Guiado por uma motivação que eu desconhecia, Christopher subiu a minha saia. E sem nem olhar para mim, arrancou a minha calcinha. Ao se colocar entre minhas pernas, pousou seu rosto no vão entre meu pescoço e ombro, obviamente no lado que não era deformado.
Ele tocou-me intimamente, talvez querendo descobrir se eu era “estranha” ali também. Mesmo sendo doloroso passar por aquilo, senti prazer com seus dedos. Eu não podia me dar ao luxo de repudiá-lo, pois quem mais teria coragem de fazer todas aquelas coisas?
Christopher continuou com a carícia até que seu corpo cedesse ao que sua mente parecia estar decida a fazer. Quando finalmente abriu a calça, colocou um preservativo e penetrou-me com um único e forte movimento. A dor intensa me fez trincar os dentes e gemer. Foi uma sensação que eu realmente não estava preparada para sentir.
Christopher estava se esforçando para continuar, mas não deixei que o sentimento de humilhação me tomasse naquele momento. Eu queria aproveitar cada segundo, pois era possível que aquilo nunca mais se repetisse. Desejava extrair daquela experiência tudo que pudesse e, mais tarde, me arrependeria e choraria.
- Você está bem? - Sussurrou ameaçando parar.
- Estou. - Minha voz saiu embargada.
Ele passou a aumentar o ritmo de suas investidas, ficando mais compenetrado no prazer mórbido que ambos passamos a sentir. Tudo nele mexia com meus sentidos. Seu cheiro, voz, calor... Mesmo sendo a coisa mais estúpida que já fiz até aquele momento, me vi querendo ficar presa a ele. Era como trocar o sofrimento constante que era minha vida por um sofrimento onde eu era uma vítima voluntária, ligada carnalmente à pessoa que tornou minha existência ainda mais cruel. Atada a esse pensamento, abracei Christopher, algo que nunca imaginei que faria. Até ele se surpreendeu, mas nada falou.
O insulto sexual logo chegou ao seu ápice e fechei meus olhos, deixando que Christopher levasse o resto de mim que sua alma impiedosa ainda não havia roubado. Então, tarde e cedo demais, ele se foi sem dizer uma só palavra. Com a alma ardendo, me recompus e juntei minhas coisas. Ao pegar o celular, vi que tinham 9 chamadas não atendidas de Christian. Imediatamente retornei a ligação e ele atendeu, aflito.
- Dulce? Você está bem? Onde está?
- Estou bem, Christian. - Respondi como se tivesse acabado de acordar.

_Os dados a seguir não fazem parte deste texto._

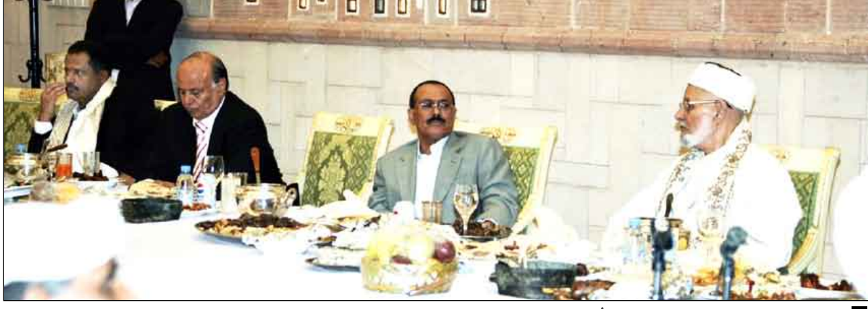
رئيس الجمهورية لدى لقائه فضيلة العلماء أمس

الدخيلة على مجتمعنا والتي تتنافى مع مبادئ ديننا الإسلامي الحنيف وقيمه ونهجه الذي يقوم على الوسطية والاعتدال. وجرى خلال اللقاء تبادل التهاني بمناسبة الشهر الكريم، سائلين المولى عز وجل أن يعيد هذا الشهر الفضيل على شعبنا وامتنا العربية والإسلامية باليمن والخير والبركات. (التفاصيل ص 3)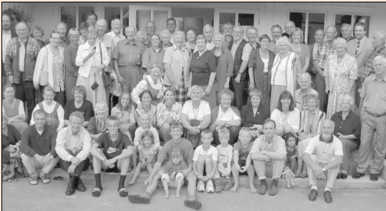
Sommerstevne på Audnastrand 18.-21.juli.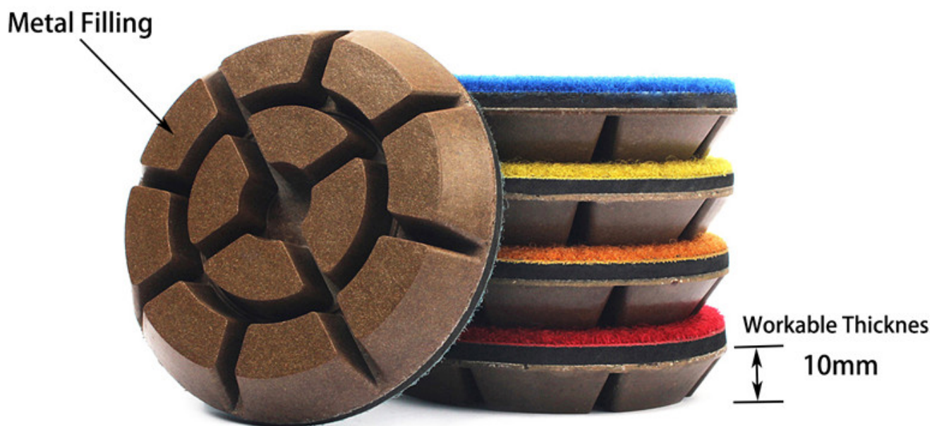
Metal Filling Diamond Resin Bond Polishing Pads For Concrete Floor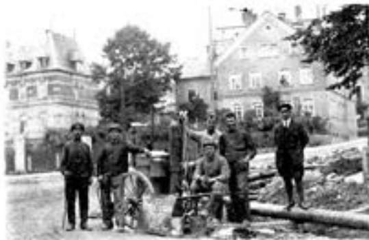
Anschluss Gas an Ferngaswerk Annaberg in Thum

Nach der politischen Wende in der ehemaligen DDR gelang es der Stadt Annaberg-Buchholz erst nach umfangreichen Rechtsstreitigkeiten, gemeinsam mit anderen Städten und Gemeinden das jeweilige Eigentum an den kom-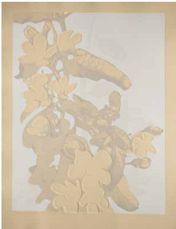
2020, Ulotna doskonałość , z cyklu Ulotna doskonałość , serigrafia i linoryt, 66 x 50 cm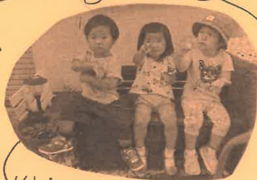
住宅街のイスとお借りし、 ひと休み♡

道端で、どんぐり拾い。 拾うのも楽しいけど、 どんぐりの皮むきに 夢中になぶ子も... 子どもの世界、 楽しいよ♡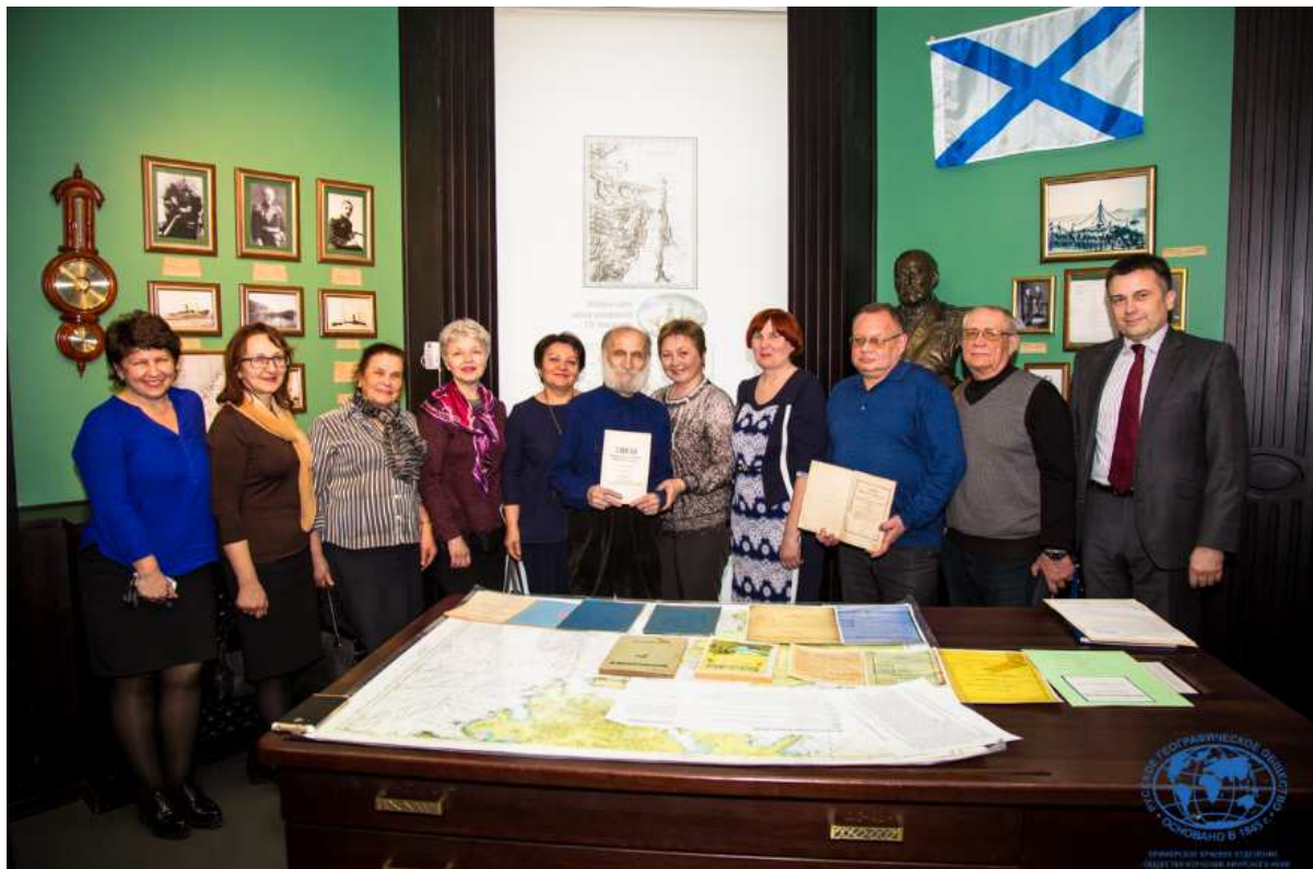
Рис. 5. Встреча исторического клуба в зале Кабинет исследователя Приморского государственного объединенного музея им. В.К. Арсеньева, посвященная 130-летию юбилею «Записок Общества изучения Амурского края», 11.04.2018 г.

С высоты сегодняшнего профессионального опыта оцениваю, что многое можно было сделать лучше. Но вспоминаю, что в те «лихие девяностые» мы старались изо всех сил выполнить поставленную нам задачу и соответствовать высоким и бескорыстным идеалам основателей Общества изучения Амурского края (рис. 5).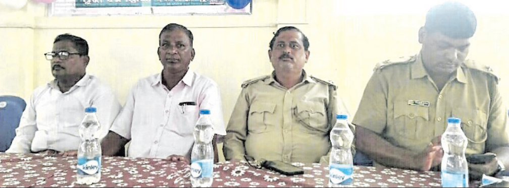
ବନ୍ୟପ୍ରାଣୀ ସପ୍ତାହ ପାଳନ କାର୍ଯ୍ୟକ୍ରମରେ ମଞ୍ଚାସୀନ ଅତିଥି ।

ବନ୍ୟପ୍ରାଣୀ ସୁରକ୍ଷା ଆଇନ ପ୍ରଣୟନ ସହ, ବନ୍ୟଜନ୍ତୁମାନଙ୍କୁ ସୁରକ୍ଷା ଦେବା ପାଇଁ ଏହି ଆଇନର ମୂଳ ଉଦ୍ଦେଶ୍ୟ ବୋଲି ପ୍ରକାଶ କରିଥିଲେ। ସମସ୍ତଙ୍କର ମିଳିତ ସହଯୋଗରେ ପ୍ରାଣୀମାନଙ୍କର ସୁରକ୍ଷା ଓ ସଂରକ୍ଷଣ ଜରୁରୀ ବୋଲି ସମ୍ମିଳିତ ଭାବେ ମତପ୍ରକାଶ ପାଇଥିଲା। ଜଙ୍ଗଲ, ପରିବେଶ ଓ ଜଳ ସାହୁ ପରିବର୍ତ୍ତନ ବିଭାଗ ଦ୍ୱାରା ଆୟୋଜିତ ଏହି ସମାବେଶରେ, ବିଦ୍ୟାଳୟର ଛାତ୍ରଛାତ୍ରୀ, ମହିଳା ଦଳ, ବନ ବିଭାଗର କର୍ମଚାରୀ, ବନ ବିଶ୍ୱାଳ ଯୋଗଦେଇଥିଲେ। ବସ୍ତାମାନେ ୧୯୭୨ ମସିହାରେ ଓଡ଼ିଶା ସରକାରଙ୍କ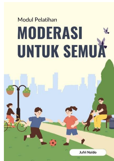
Gambar II. Pelaksanaan Pengabdian

siswa menyatakan bahwa mereka memahami makna wasathiyah dan 75% menyatakan siap berinteraksi dengan teman dari latar belakang yang berbeda secara lebih terbuka dan damai.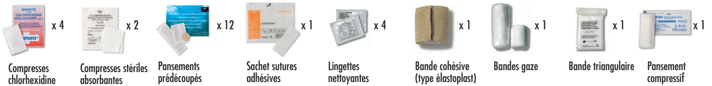
Compresses chlorhexidine x 4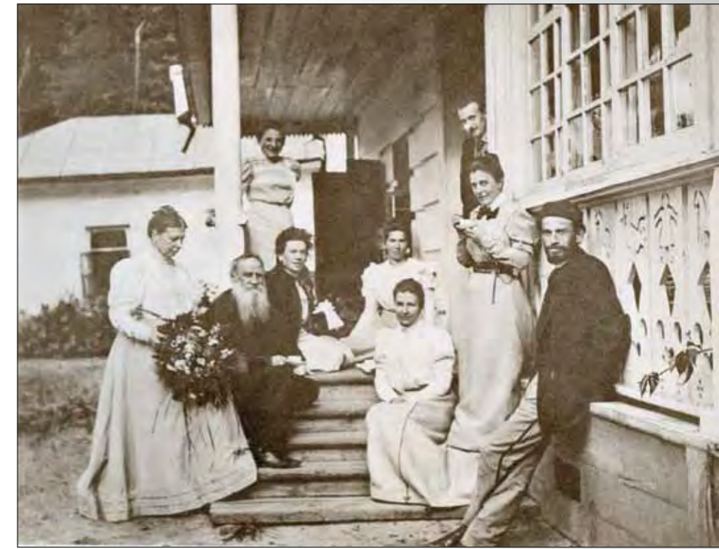
День рождения жены писателя. 22 августа 1898 г.

В библиотечной комнате дома собраны книги на разных языках, которые Лев Николаевич Толстой собирал на протяжении жизни. Домашнюю библиотеку в Ясной Поляне начал собирать еще его дед, за ним – мать Льва Николаевича Мария Николаевна. Но сын превзошел их всех. К концу жизни в Ясной Поля-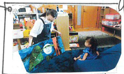
おはなしのつばさの様子

ひなたぼこ ひなたぼこ、この入口に七夕の竹を たてています。お子様やお母様の願い事が 下げられています。楽しい家庭と健やかな 成長を、スタッフ一同も願っています。 みんなでお遊びに来てね!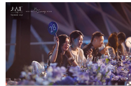
第一次拍品展示，买家进行喊价竞拍，价高者得，三次落锤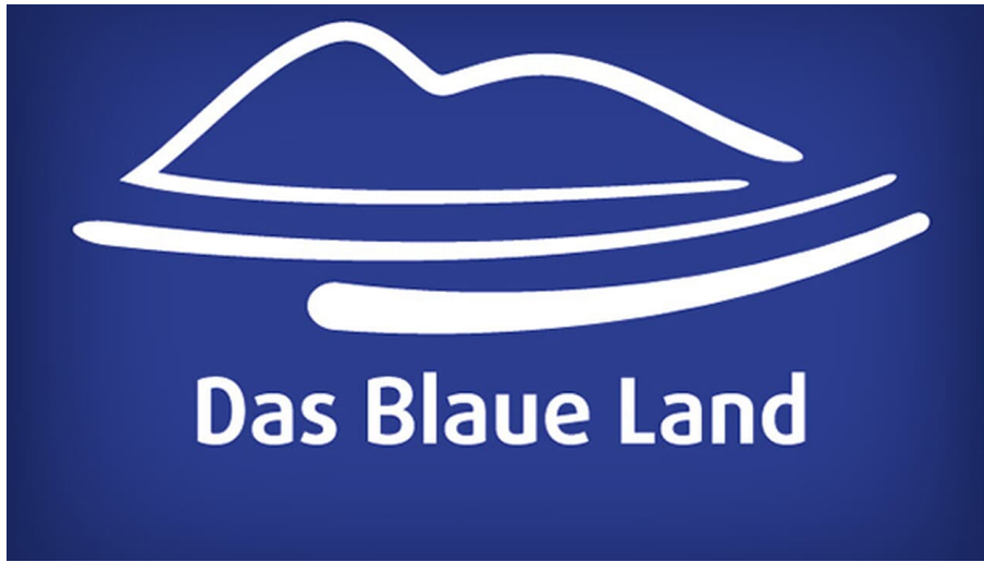
Das Blaue Land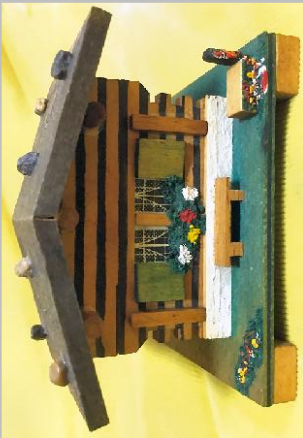
ao-17: Piccola casetta portagioie. Dimensioni: cm.6,5x8x6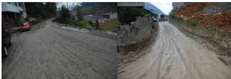
图 1 路况

12 月 9 日, 调查绮陌乡中山小学。早 9:40 从宏洲客运站乘车前往阿烈 (8 元)。后坐摩托车 (10 元), 约 10:40 到达中山小学, 下午 14:00 离校。校长用摩托车送至阿烈, 后租摩托车 (30 元) 回到县城。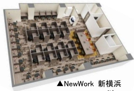
▲NewWork 新横浜 以上

参考)本日、この資料は国土交通記者会、経済産業省記者クラブ、都庁記者クラブ、川崎市政第一記者会、横浜経済記者クラブにお届けしています。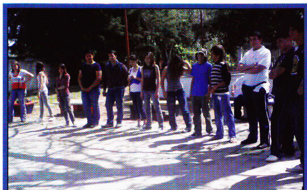
URUGUAY: EL XIV FORO DE CLUBES INTERACT DEL DISTRITO 4980, REALIZADO EN TALA, URUGUAY, CONTÓ CON LA PARTICIPACIÓN DE LOS INTERACT PUNTA DEL ESTE, PAN DE AZÚCAR, MALDONADO ESTE, RÍO BRANCO, Y TALA.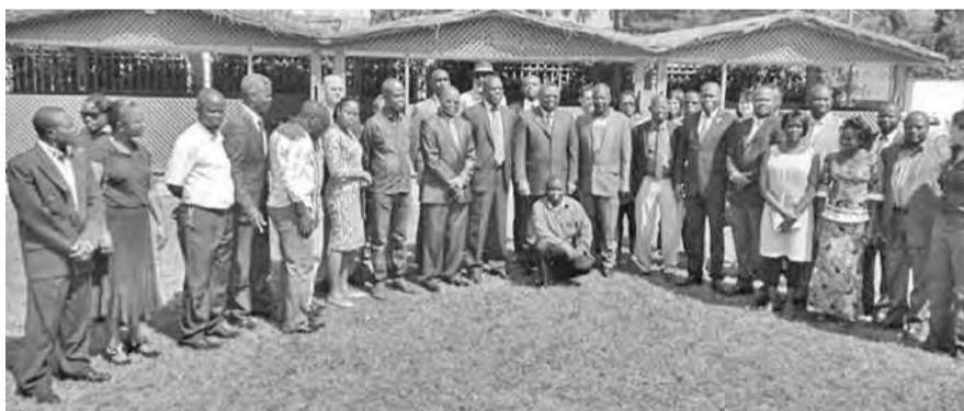
Les participants à la réunion et des ministres

L'atelier de restitution de la présentation de la Note d'idée du programme de réduction des émissions (ER-PIN) de la RDC à la neuvième réunion du Comité de participants du Fonds carbone tenue du 9 au 11 avril à Bruxelles, faite le 18 avril au restaurant Le Resto, à Kinshasa-Gombe, a permis aux participants de se rendre compte des efforts fournis pour permettre à la RDC d'être admise au Fonds carbone et d'avoir la même compréhension sur la démarche et les attentes. « La validation de sa note d'idée d'un programme de réduction des émissions par les partenaires au développement ouvre ainsi la voie à de futures compensations financières des efforts de la RDC pour contribuer à la lutte contre le changement climatique », a souligné la coordination nationale Redd (CN-Redd), dans un communiqué publié à cet effet. Ces travaux soutenus par le Fonds mondial de l'environnement (WWF) ont été une occasion pour les cent cinquante participants venus du gouvernement central et provincial du Bandundu, des ONG locales, nationales et internationales, du secteur privé et des partenaires au développement, de suivre la présentation de l'ER-PIN et la résolution du neuvième comité des participants du Fonds carbone, de discuter des étapes à suivre et d'élaborer une feuille de route préliminaire.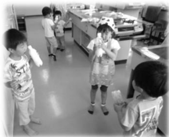
ボトルをシェイク！シェイク！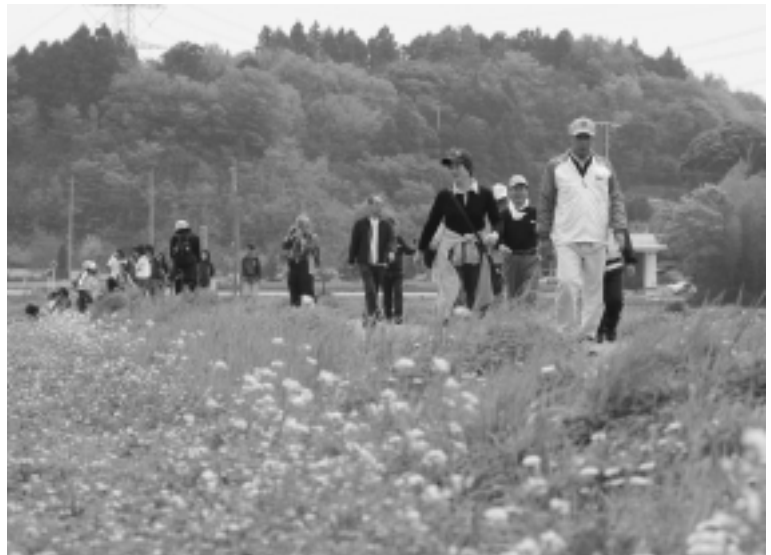
一面ピンクのレンゲと道路沿いの菜の花で心も和みます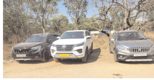
స్వాధీనం చేసుకున్న కార్లు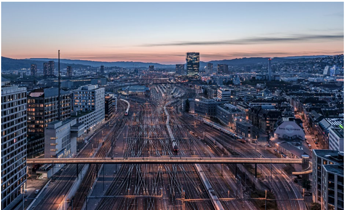
La passerelle Negrelli par-dessus les voies de la gare centrale de Zurich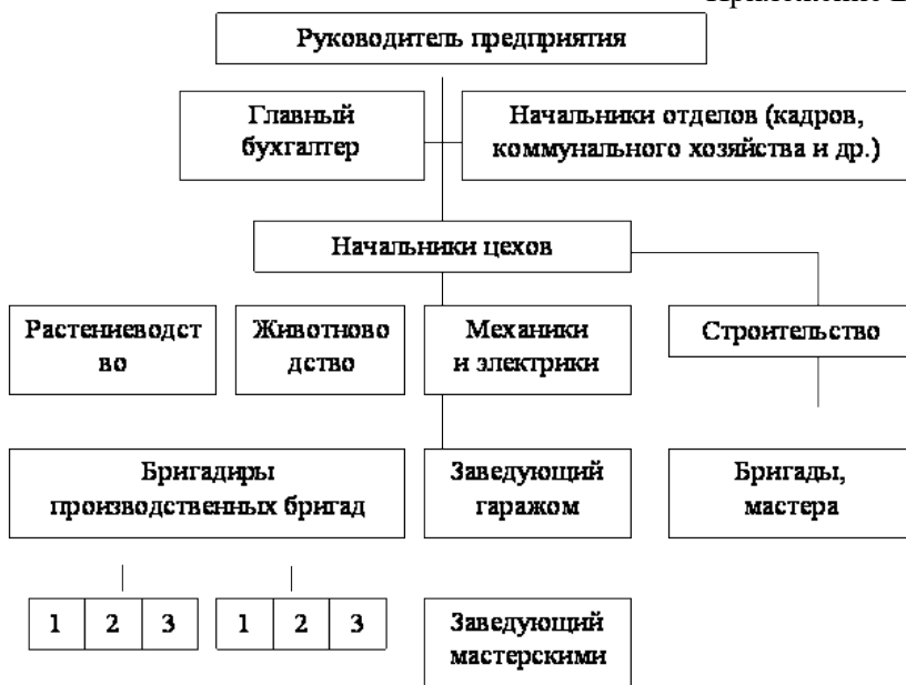
Рисунок 2 - Схема цеховой структуры управления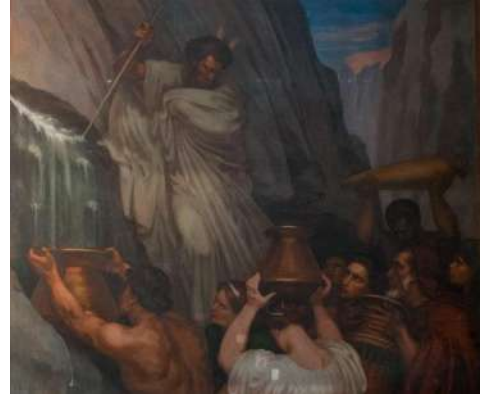
« Moïse faisant jaillir l'eau » de Paul Borel

Paul BOREL (1828-1913) a peint les toiles de la nef de la Chapelle. Dans le côté droit, figurent quatre sujets tirés de l'Évangile des disciples d'Emmaüs et un sujet de l'Ancien Testament : « Moïse faisant sortir l'eau du rocher » (1886). Dans le récit de l'Exode, en pérégrinant à travers le désert du Sinaï, les Hébreux manquèrent d'eau. À nouveau, ils regrettèrent l'Égypte et s'en prirent à Moïse. Celui-ci s'en plaignit à Dieu. Il sortit son prophète d'embarras en lui faisant faire un miracle : « de ton bâton, tu frapperas le rocher, il en jaillira de l'eau, et le peuple aura à boire ». Cette source d'eau vive devint un symbole important pour les chrétiens. Elle représente la grâce de Dieu et Saint Paul compare le Christ au rocher.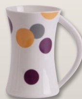
Becher Swing 0,4 l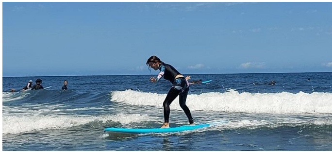
圖片說明：硬式衝浪板衝浪情形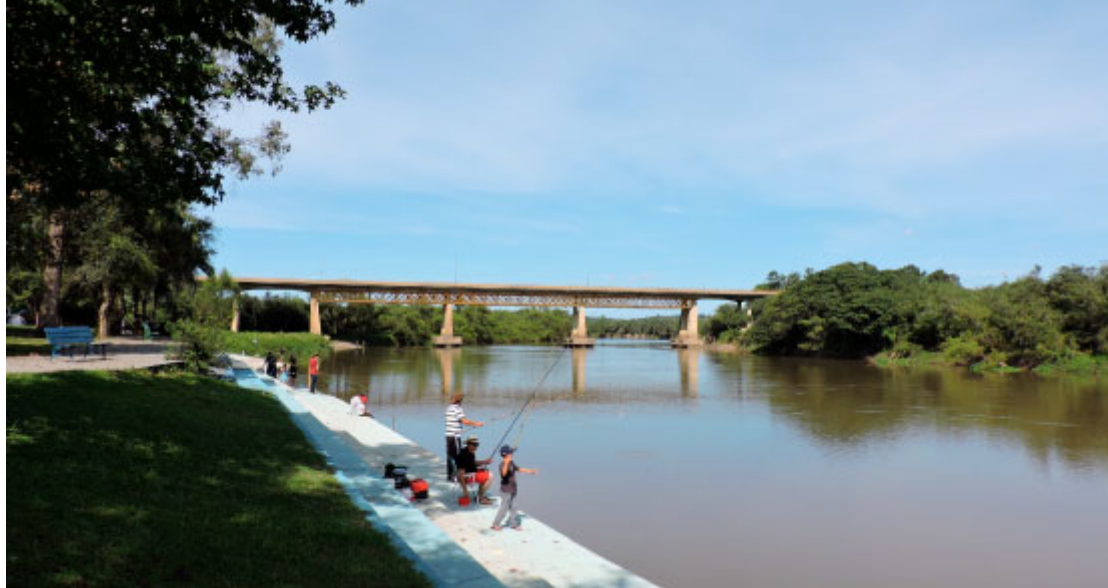
Praça Rio Iguaçu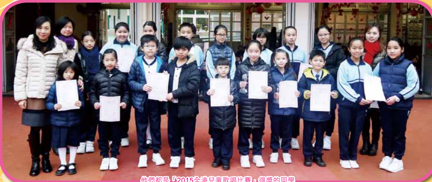
他們都是「2015全港兒童歌唱比賽」得獎的同學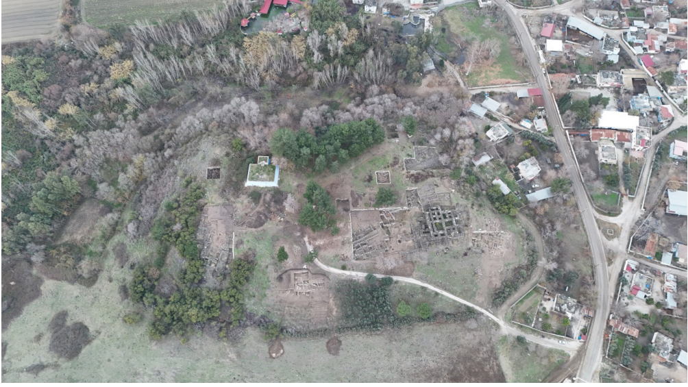
Resim 1. Tatarlı Höyük sitadel yerleşmesi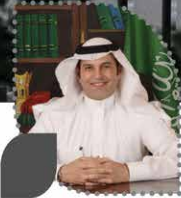
الدكتور محمد بن دليم القحطاني أكاديمي وخبير اقتصادي @DRMDMQ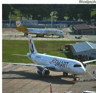
JetSMART começou a operar em dezembro.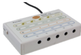
Hitch 2.0: USB-Adapter für die Computerbedienung mit bis zu fünf Tasten

Mit Hilfe eines Anschlussadapters kann ein Computer mit einem oder mehreren Bedienelementen angesteuert werden. Wir bieten zahlreiche Varianten, die sich in Format, Material und Funktion unterscheiden. Hierbei ist es wichtig, ein Bedienelement auszuwählen, das optimal an die Fähigkeiten der AnwenderInnen angepasst ist. Auch die Kombination mit alternativen Tastaturen und Mäusen erlaubt eine ganz individuell auf Ihre Bedürfnisse zugeschnittene PC-Bedienung.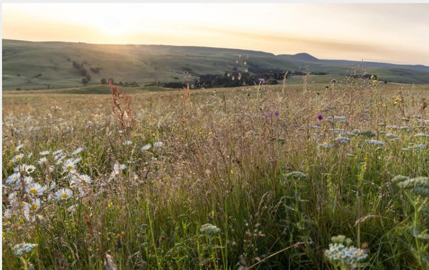
Vue sur le Cézaillier (B. Colomb)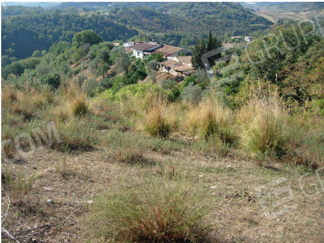
Foto 30: ancora la p.lla 284, fotografata dalla parte superiore, posteriormente al fabbricato, si vedono bene il gruppo di case identificabili con le p.lle catastali 239.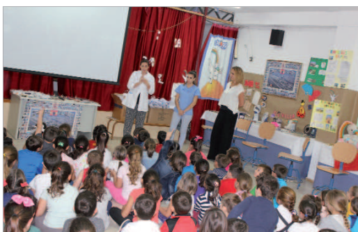
Una de las actuaciones que realizó la empresa Vitaldent.

Más de 1.000 niños y niñas han aprendido buenos hábitos de higiene y de alimentación de manos de los profesionales de Vitaldent y Dental Company

- Afaste-se de Christopher! Afaste-se! - Gritou preocupado e estranhei.
- Por quê? O que aconteceu?
- Quando Mike veio aqui em casa buscar o trabalho de história que fiz pra ele, o ouvi falando com alguém no celular. O Uckermann apostou com o pessoal do time que ia vencer as eleições, mas como perdeu... - Fez uma pequena pausa com medo de continuar. - Bem, ele foi te encontrar disposto a cumprir a parte dele do acordo. - Suspirou. - Vocês... transaram? - Meu silêncio tirou suas dúvidas. - O mais repugnante é que ele tinha que levar o preservativo e uma peça íntima sua para provar que consumou o ato. Dulce, precisa contar para os seus pais. Alguém tem que tomar uma providência porque...
Desliguei o telefone.
Eu sabia que havia um motivo para Christopher ter me procurado, mas não imaginei que fosse algo tão... Não era uma brincadeira onde o cara popular ficava com a mais feinha do colégio. Eles queriam que Christopher sofresse e se envergonhasse. O time o estava punindo por sua presunção, ou seja, eu não era uma aposta... EU ERA O CASTIGO.
Parada no meio da biblioteca, desejei muito chorar e me descabelar. Tinha que colocar toda a dor pra fora, só que não consegui. Ficou tudo preso dentro de mim. Por fora, não esbocei nenhuma emoção, mas por dentro havia tremores e gritos, soluços e pranto. Meu espírito sofria uma agonia semelhante à de um parto. E, ali mesmo, ainda com sangue entre as pernas, Candy nasceu.